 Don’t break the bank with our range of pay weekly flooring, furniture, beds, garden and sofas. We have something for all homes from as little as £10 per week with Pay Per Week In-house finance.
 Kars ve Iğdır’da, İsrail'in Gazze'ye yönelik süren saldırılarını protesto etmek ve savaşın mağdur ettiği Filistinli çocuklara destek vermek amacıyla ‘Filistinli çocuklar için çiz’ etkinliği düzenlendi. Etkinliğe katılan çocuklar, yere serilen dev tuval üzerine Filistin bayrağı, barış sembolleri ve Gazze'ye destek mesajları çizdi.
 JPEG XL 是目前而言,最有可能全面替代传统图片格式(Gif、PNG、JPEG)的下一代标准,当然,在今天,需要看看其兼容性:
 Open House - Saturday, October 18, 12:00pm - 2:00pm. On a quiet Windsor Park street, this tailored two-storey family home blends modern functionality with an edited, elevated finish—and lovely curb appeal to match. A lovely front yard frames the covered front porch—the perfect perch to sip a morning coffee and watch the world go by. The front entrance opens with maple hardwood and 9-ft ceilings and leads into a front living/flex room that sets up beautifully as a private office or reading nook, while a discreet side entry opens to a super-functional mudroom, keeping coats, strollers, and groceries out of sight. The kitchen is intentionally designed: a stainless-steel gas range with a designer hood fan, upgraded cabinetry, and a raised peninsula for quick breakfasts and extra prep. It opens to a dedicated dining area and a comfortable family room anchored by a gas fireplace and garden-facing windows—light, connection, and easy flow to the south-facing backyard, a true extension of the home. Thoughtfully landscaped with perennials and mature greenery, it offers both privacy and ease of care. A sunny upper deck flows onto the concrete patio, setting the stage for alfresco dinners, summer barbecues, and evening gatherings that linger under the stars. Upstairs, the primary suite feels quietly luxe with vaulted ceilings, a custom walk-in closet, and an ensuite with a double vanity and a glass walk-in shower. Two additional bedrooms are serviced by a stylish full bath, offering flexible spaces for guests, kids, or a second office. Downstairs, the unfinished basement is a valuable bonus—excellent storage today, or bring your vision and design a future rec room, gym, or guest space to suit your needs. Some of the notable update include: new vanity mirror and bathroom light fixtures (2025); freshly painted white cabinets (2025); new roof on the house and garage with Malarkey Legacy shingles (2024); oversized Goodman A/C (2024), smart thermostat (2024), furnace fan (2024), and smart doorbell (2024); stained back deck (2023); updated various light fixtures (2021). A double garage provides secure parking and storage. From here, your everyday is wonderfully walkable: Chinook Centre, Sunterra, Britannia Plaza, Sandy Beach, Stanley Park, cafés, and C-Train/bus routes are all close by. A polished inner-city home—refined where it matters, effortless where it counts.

» **ABOUT THIS EXERCISE**: Restate the whole listing word for word so that no line differs from the original.

» **SOLUTION TO THIS TASK**:
 Don’t break the bank with our range of pay weekly flooring, furniture, beds, garden and sofas. We have something for all homes from as little as £10 per week with Pay Per Week In-house finance.
 Kars ve Iğdır’da, İsrail'in Gazze'ye yönelik süren saldırılarını protesto etmek ve savaşın mağdur ettiği Filistinli çocuklara destek vermek amacıyla ‘Filistinli çocuklar için çiz’ etkinliği düzenlendi. Etkinliğe katılan çocuklar, yere serilen dev tuval üzerine Filistin bayrağı, barış sembolleri ve Gazze'ye destek mesajları çizdi.
 JPEG XL 是目前而言,最有可能全面替代传统图片格式(Gif、PNG、JPEG)的下一代标准,当然,在今天,需要看看其兼容性:
 Open House - Saturday, October 18, 12:00pm - 2:00pm. On a quiet Windsor Park street, this tailored two-storey family home blends modern functionality with an edited, elevated finish—and lovely curb appeal to match. A lovely front yard frames the covered front porch—the perfect perch to sip a morning coffee and watch the world go by. The front entrance opens with maple hardwood and 9-ft ceilings and leads into a front living/flex room that sets up beautifully as a private office or reading nook, while a discreet side entry opens to a super-functional mudroom, keeping coats, strollers, and groceries out of sight. The kitchen is intentionally designed: a stainless-steel gas range with a designer hood fan, upgraded cabinetry, and a raised peninsula for quick breakfasts and extra prep. It opens to a dedicated dining area and a comfortable family room anchored by a gas fireplace and garden-facing windows—light, connection, and easy flow to the south-facing backyard, a true extension of the home. Thoughtfully landscaped with perennials and mature greenery, it offers both privacy and ease of care. A sunny upper deck flows onto the concrete patio, setting the stage for alfresco dinners, summer barbecues, and evening gatherings that linger under the stars. Upstairs, the primary suite feels quietly luxe with vaulted ceilings, a custom walk-in closet, and an ensuite with a double vanity and a glass walk-in shower. Two additional bedrooms are serviced by a stylish full bath, offering flexible spaces for guests, kids, or a second office. Downstairs, the unfinished basement is a valuable bonus—excellent storage today, or bring your vision and design a future rec room, gym, or guest space to suit your needs. Some of the notable update include: new vanity mirror and bathroom light fixtures (2025); freshly painted white cabinets (2025); new roof on the house and garage with Malarkey Legacy shingles (2024); oversized Goodman A/C (2024), smart thermostat (2024), furnace fan (2024), and smart doorbell (2024); stained back deck (2023); updated various light fixtures (2021). A double garage provides secure parking and storage. From here, your everyday is wonderfully walkable: Chinook Centre, Sunterra, Britannia Plaza, Sandy Beach, Stanley Park, cafés, and C-Train/bus routes are all close by. A polished inner-city home—refined where it matters, effortless where it counts.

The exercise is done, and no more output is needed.